Contribute up to company match in 401K
Max out on Roth IRA (pay tax now but won't have to later)
Save the rest and put it in Muni like someone mentioned below, look for CA bonds that could give you some state tax sheltering.

Goto http://www.bogleheads.org/forum/index.php and join the fun :)
0 votes
Nina Harris, Agent, Williston Park, NY
Fri Jan 20, 2012
Either or but if you are putting the money in a 401K you are at risk of having less than what you contributed due to the volatility of the stock market. And if you decide to go this route, you will be paying interest against this money athough you would be paying yourself back. Have you looked into putting this money in a CD and the rates available? If I were purchasing in the next 2 years, I would play it safe and put the money into a savings account or CD.

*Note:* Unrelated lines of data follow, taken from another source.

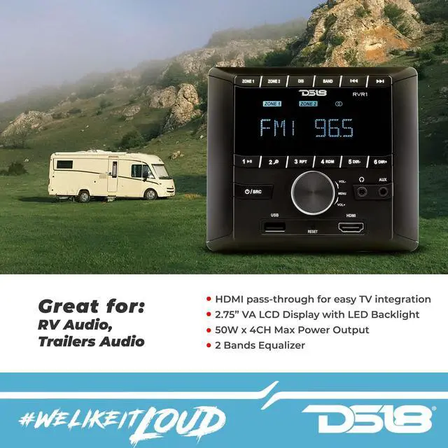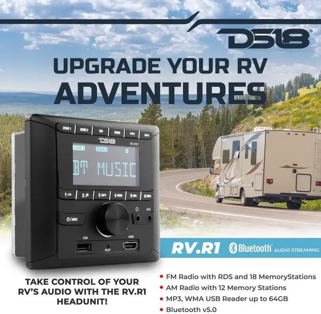 Audio Experience: The DS18 RV. R1 is custom-designed to enhance your road trips with premium sound and effortless control, tailored for recreational vehicles.
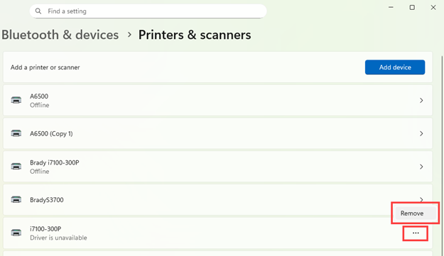 - If there are three dots next to the printer name, click the three dots and click Remove.
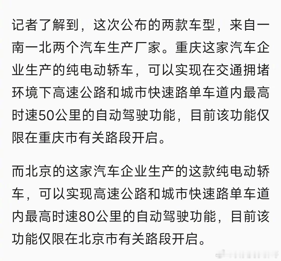 我觉得沸腾之前好好看看具体政策和智驾方案限定区域,限定时速,商业公司运营,这不典型的萝卜快跑吗?甚至还不如萝卜快跑(L4)长安的智驾都入了 L3 (地平线芯片),很明显现在的 比亚迪 小米 小鹏 理想 技术都已经超标 L3 了无非是没有经历去搞一个出租车公司…不用别家方案也很简单,都是车企怎么会用竞争对手的方案?只能自研和供应链啊
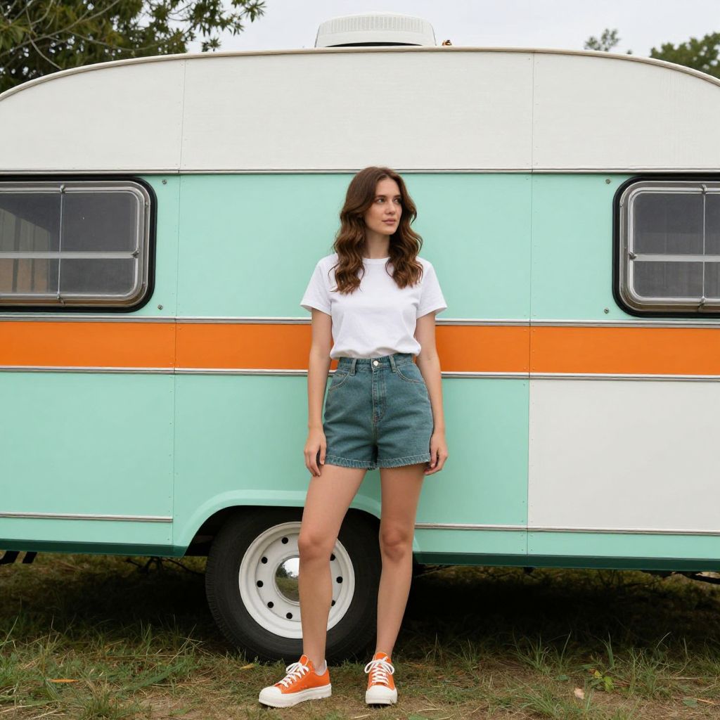 Woman standing beside a vintage travel trailer featuring retro-inspired color blocking with mint green, orange, and white panels, showcasing a charming and nostalgic aesthetic.

Good luck with your decision.
Web Reference:  http://ninaharrishomes.com
0 votes
Ruth and Per…, Agent, Los Gatos, CA
Fri Jan 20, 2012
Hi Christina:

401k investing and then borrowing against the 401K. Check with your company
most companies allow you to borrow against your 401K plan to come up with a
down payment.

Any questions do call me at 408-656-5343, also check:

http://www.myrewebsite.com/Buyer/BuyerInformation.aspx?ID=13118

and

http://www.trulia.com/blog/perry_mistry
Web Reference:  http://www.ruthandperry.com
0 votes
Michael Cheng, Agent, San Jose, CA
Thu Jan 6, 2011
You'll definitely need to check out if your employer matches contributions and/or if there are withdrawl penalties. Otherwise, the answer really depends on your current financial situation. If you are looking to buy a house in 2 years and you haven't saved anything for the downpayment, then clearly you should be holding the cash in some short-term CDs or money market funds. Your 2 year time horizon isn't long enough to ride out any riskier or longer-term investments, typical of 401K plans. If you have already saved a 25% downpayment, then you should just put the money into the 401K. If you're between 0 and 25%, your choice would depend on your projected cash flows in 2 years.
Web Reference:  http://www.archershomes.com
0 votes
Robert Lei, Agent, Cupertino, CA
Sun Sep 12, 2010
I would do a mixture of both. Employers usually only match up to a certain point. They won't match the entire $23,000. Find out how much your employers match and contribute up to that amount to your 401(k), then put what is left into a safe place to save up for your down payment.
0 votes
Louwu, , Irvine, CA
Sun Mar 28, 2010
Both good answers. You obviously will run into a withdrawl penalty, its best to ask what it is. If you have a penalty and no matching by your companies, then its best off investing in a taxexempt muni bond that adjusts for inflation. Those beat the pants off a savings account from a depository lender.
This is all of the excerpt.